Background: The novel coronavirus SARS-CoV2 is known to cause significant cardiac dysfunction, effusion, thromboembolism and coronary dilation. Currently no pediatric specific guidelines exist from ACC or ASE for use of POCUS. Our objective was to identify ideal pediatric appropriate POCUS equipment and standardize its use.

Methods: A Phillips Lumify probe paired with Android-Samsung tablet and a Butterfly iQ probe paired with an iPad were considered. A workflow algorithm and cleaning instructions were created. If the POCUS scan answered the clinical question, then a detailed echo was deferred. If the POCUS scan revealed findings requiring comprehensive evaluation, a follow-up echo was planned.

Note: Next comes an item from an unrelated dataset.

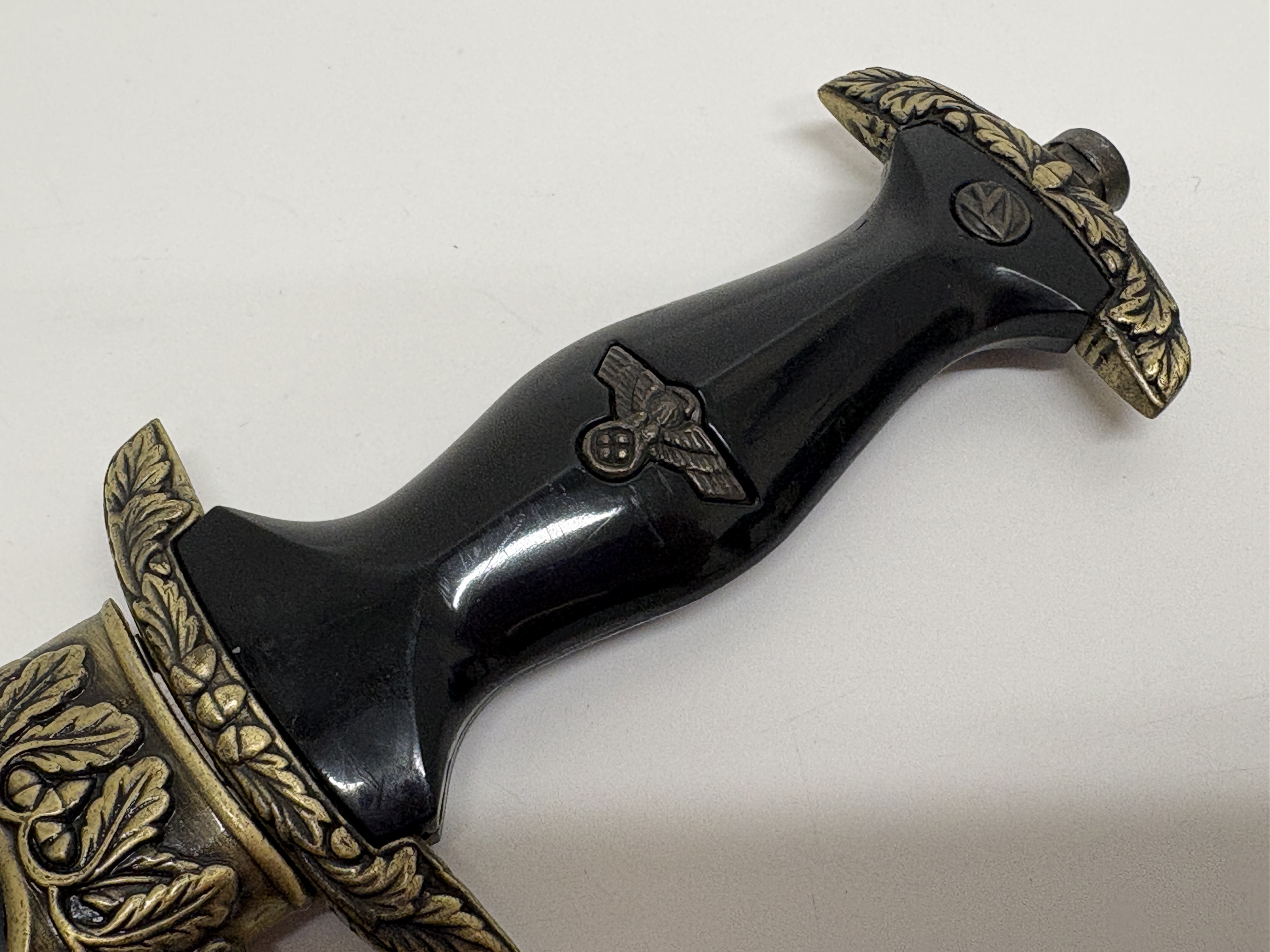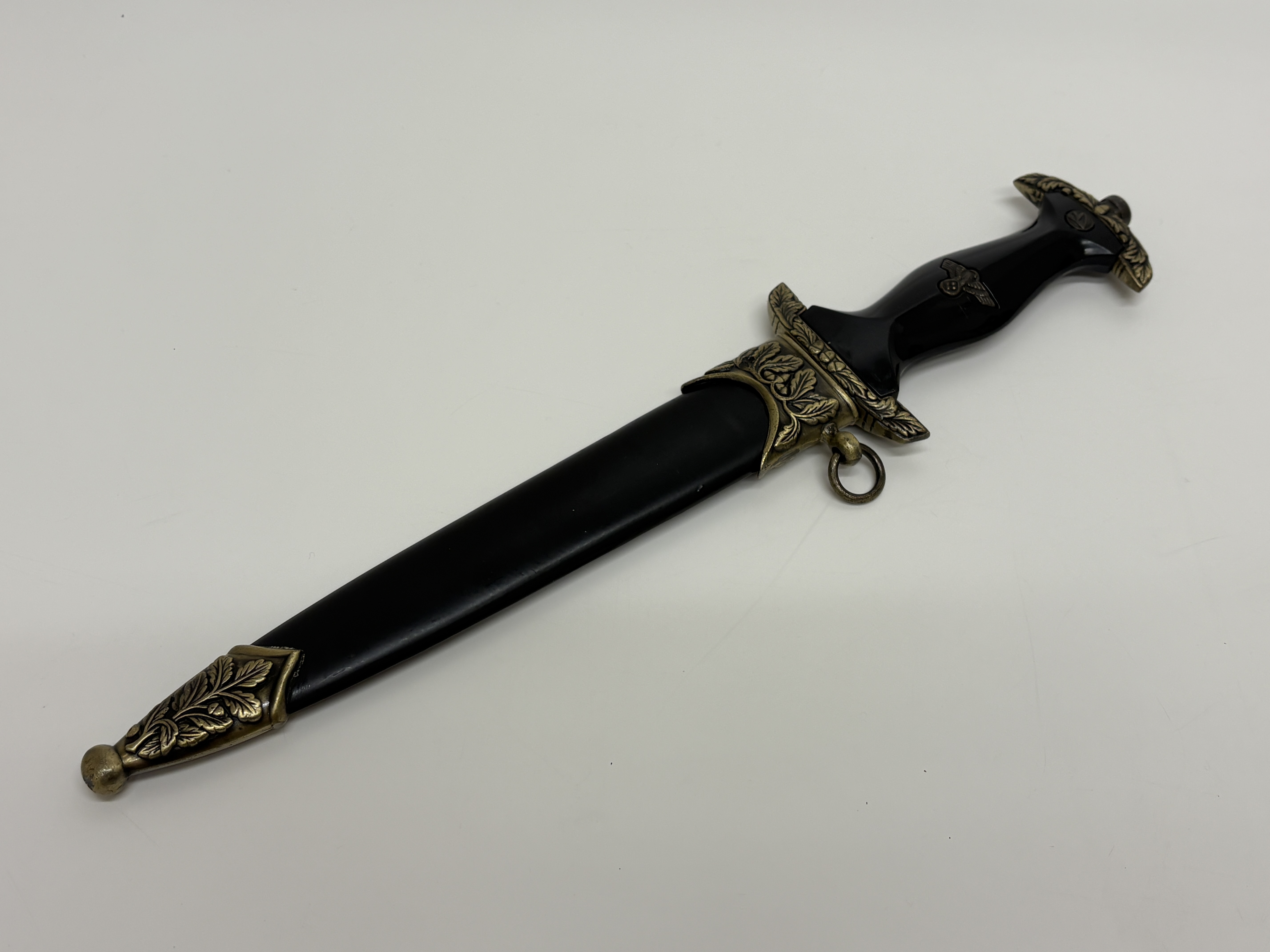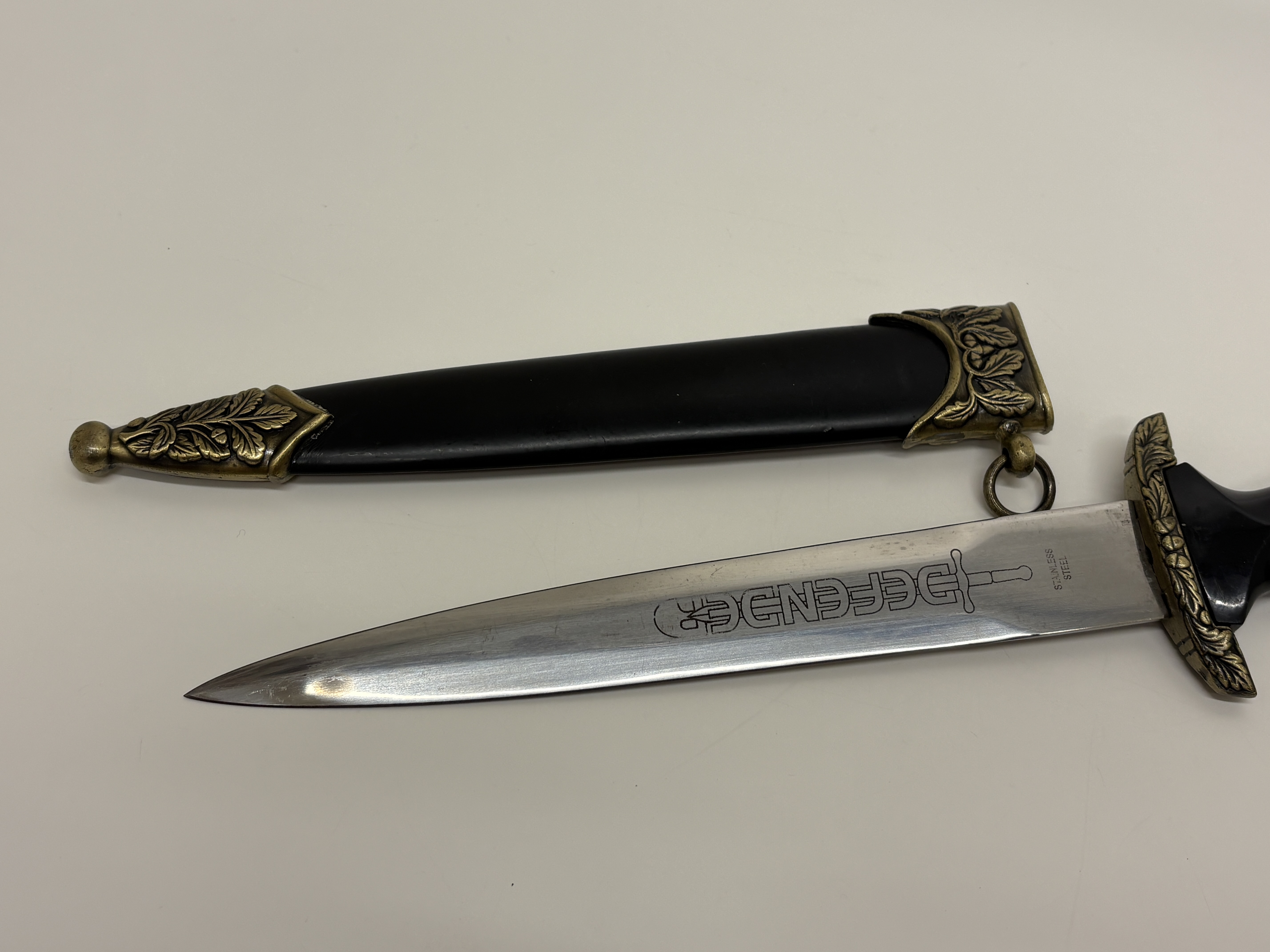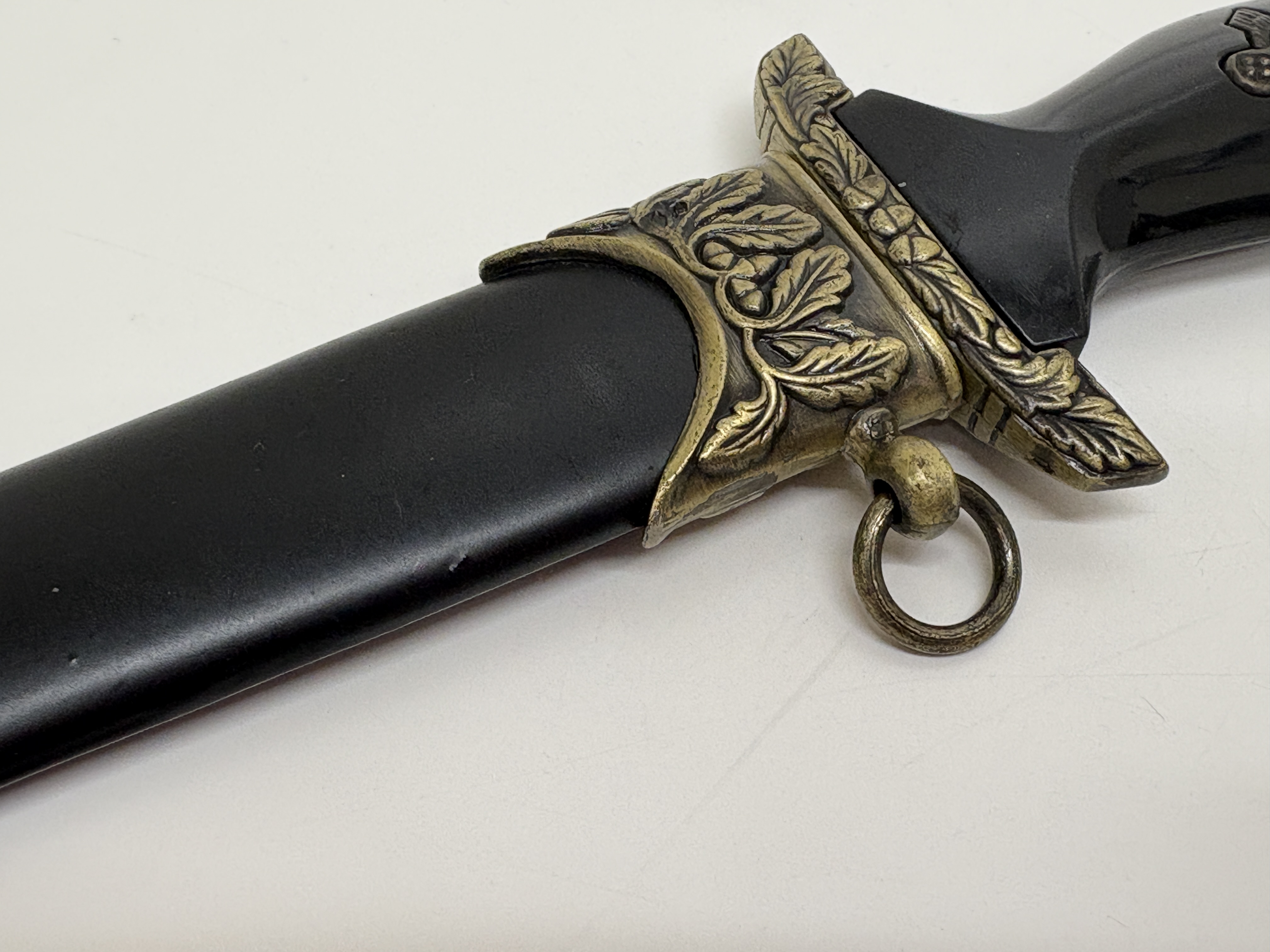This item is a modern, decorative novelty dagger produced in the style of a German Second World War Schutzstaffel (SS) service dagger. It is a non-authentic reproduction featuring a stainless steel blade and an injection-moulded black synthetic grip. The grip is inset with a silvered eagle clutching a swastika and a circular runic emblem at the pommel. The crossguard, pommel, and scabbard fittings are constructed from cast metal with an antiqued brass-coloured finish, decorated with ornate, raised oak leaf and acorn patterns. These ornate castings are a fantasy design element typical of contemporary decorative knives and were never utilised on standard-issue period daggers, which featured smooth hilt and scabbard fittings made of nickel-plated brass or nickel-silver. The blade bears modern commercial markings, including a stylised logo for the brand Defender and a Stainless Steel stamp near the crossguard. It lacks any authentic period manufacturer logos or Reichszeugmeisterei (RZM) codes required for genuine Third Reich edged weapons.

Results: Both probes produced images of diagnostic quality. Due to hospital informatics support for iOS system, a Butterfly probe with iPad was preferred. Our network algorithm and equipment set-up are illustrated in figure 1a-b. By using POCUS, pericardial effusion and systolic dysfunction could be identified and monitored as shown in figure 1c. Coronary and valve evaluation was limited. Average scan time was around 10 mins [range 6-15mins].

Conclusion: POCUS during COVID-19 pandemic is feasible in pediatrics with short scan time. Multiple economical probes are available that are easy to use and clean. Further studies and pediatric specific guidelines are needed with respect to the use of this modality as a first-line for cardiac assessment in COVID-19 or similar acute care setting.